Mr. Ling stated that he was located by the Chinese Embassy. After arriving in Paris, he was repeatedly followed, assaulted, and humiliated by Chinese individuals on the streets, who even took photos and sent them to his family in China to pressure him.

On March 22, Mr. Ling received a call from the Chinese embassy, asking him to meet for a conversation outside a Chinese restaurant in Aubervilliers, a northern suburb of Paris. The address had long been identified by French intelligence as an underground Chinese police station.

“They said they had people everywhere in France and would find me no matter what. I felt I would be arrested and deported back to China,” he told media later.

After the conversation, Mr. Ling was taken directly to Charles de Gaulle Airport by two cars, with France 2’s filming team and Challenges’ reporters following. He later explained that he was promised his passport back once he got into the car.

Upon entering the airport, he was surrounded by two Chinese embassy staff and staff from a local Chinese organization wearing red vests. His phone and identity documents were held by embassy officials. A suited individual accompanied him to board, but just before boarding, Mr. Ling made up his mind to escape, angering the embassy staff who chased after him.

Reporters from Challenges and France 2 intervened to protect and assist Mr. Ling in reclaiming his passport. French customs officers also arrived on the scene. Yet they made no further action due to the embassy staff’s diplomatic status.

After the deportation failed, Mr. Ling continued to receive harassing calls and hundreds of threatening messages, including from Lin Jiayan, a police officer in Zhanjiang City, demanding his return to surrender, or else his family would face retaliation. Some messages threatened him with “we will let your brother sit on the tiger bench [a form of torture]” and “we will remove his genitals,” etc. They also ordered the dissident to go to a Chinese restaurant called “Travel Notes” in the 9th arrondissement of Paris, a place that is still on the radar of France’s Ministry of the Interior.
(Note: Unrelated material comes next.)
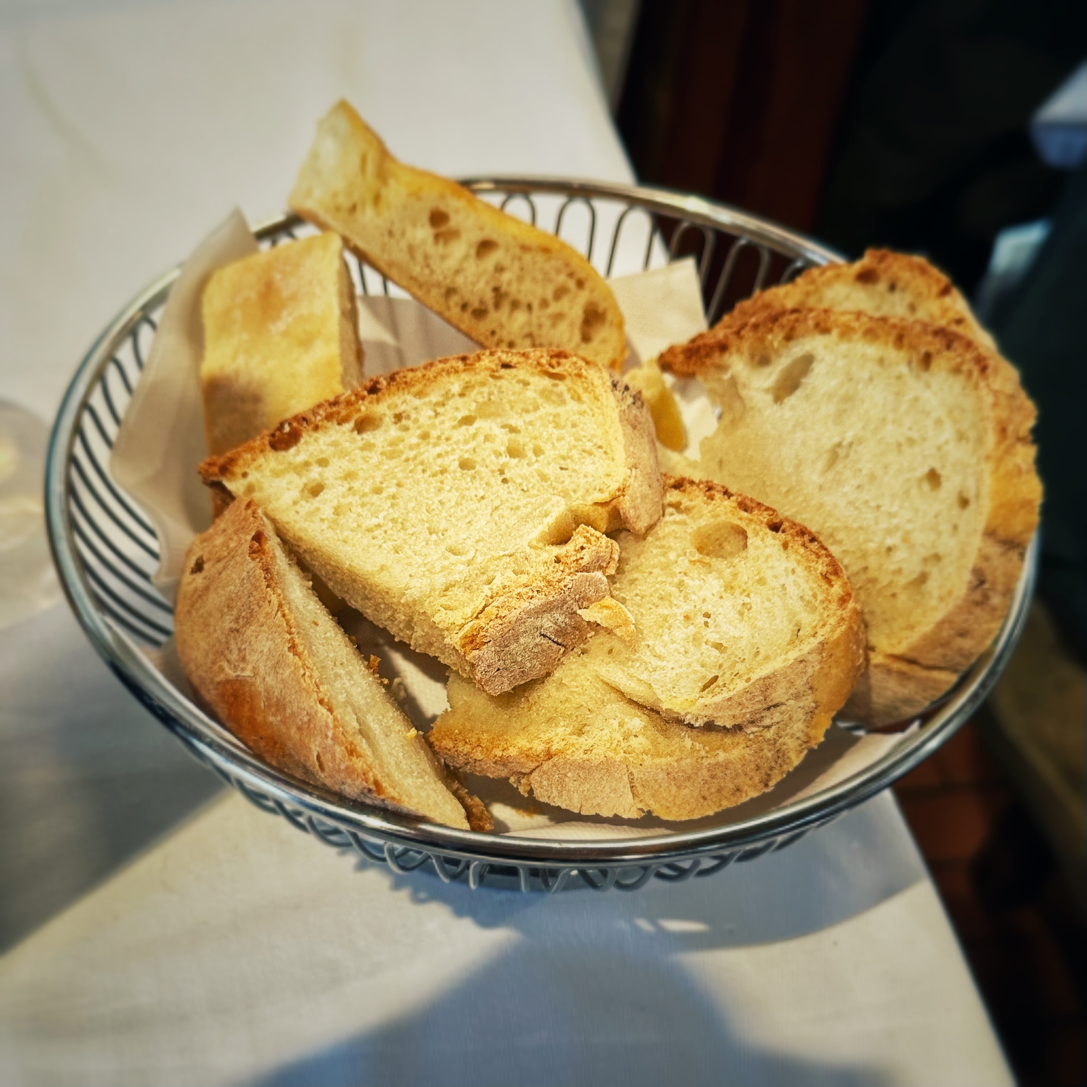 Beh, trovandosi sulla via Pistoiese, trovare parcheggio non è mai un problema. Oltrepassata la zona bar/tabacchi situata all’ingresso, molto affamati (eravamo in due), siamo stati fatti accomodare in veranda, una delle salette che compongono lo storico esercizio, probabilmente la meno elegante e pregna di storia (e di vino), ma comunque accogliente anche grazie alla luce che nelle belle giornate filtra dalle vetrate.

The French media called back the harassing numbers. The calls were answered by the general switchboard of a public security bureau, which refused to explain why Mr. Ling was being harassed and stated that “it was not convenient to disclose the case to citizens.”

Overseas CCP Police Stations Abound

In 2022, Safeguard Defenders, a Spain-based human rights organization revealed that the CCP has set up more than a hundred overseas police stations in 53 countries, including four in France, two in Paris, and another two in the Paris suburbs.
Based on Safeguard Defenders’ latest report in April, the CCP claimed it has successfully returned over 12,000 people using methods including extradition, repatriation, and sometimes kidnapping over the past decade. It contains 283 individual accounts of extrajudicial returns from at least 56 countries and 2 territories (Hong Kong and Macao).
The report looks at the first decade of Operation Fox Hunt and Operation Sky Net, two worldwide operations to apprehend overseas Chinese accused of financial crimes.

The Aubervilliers Association, founded in 2021, describes itself as “an organization that provides charitable services to Chinese nationals in France” and has an office at 85-87 Avenue Victor Hugo in Aubervilliers, France. Safeguard Defenders confirmed in 2022 that the building housed a secret police station, located in the office of another institution, the France-China Trade Association in Aubervilliers.

According to the Ministry of the Interior, this agency, as well as six other police stations found in France, have not been active since the NGO’s report in 2022.

Mr. Wang stated that the French intelligence services have opened an investigation into the incident.

The Ling Huazhan incident for the first time presented on camera to Europe the CCP’s process of intimidating overseas dissidents through a network of secret police stations.

Mr. Ling filed a lawsuit on April 10 against the unknown individuals who harassed him. Henri Thulliez, Mr. Ling’s lawyer, said that the case was typical and clear, that it was “unacceptable that foreign authorities could jeopardize the fundamental rights of a citizen on French territory.”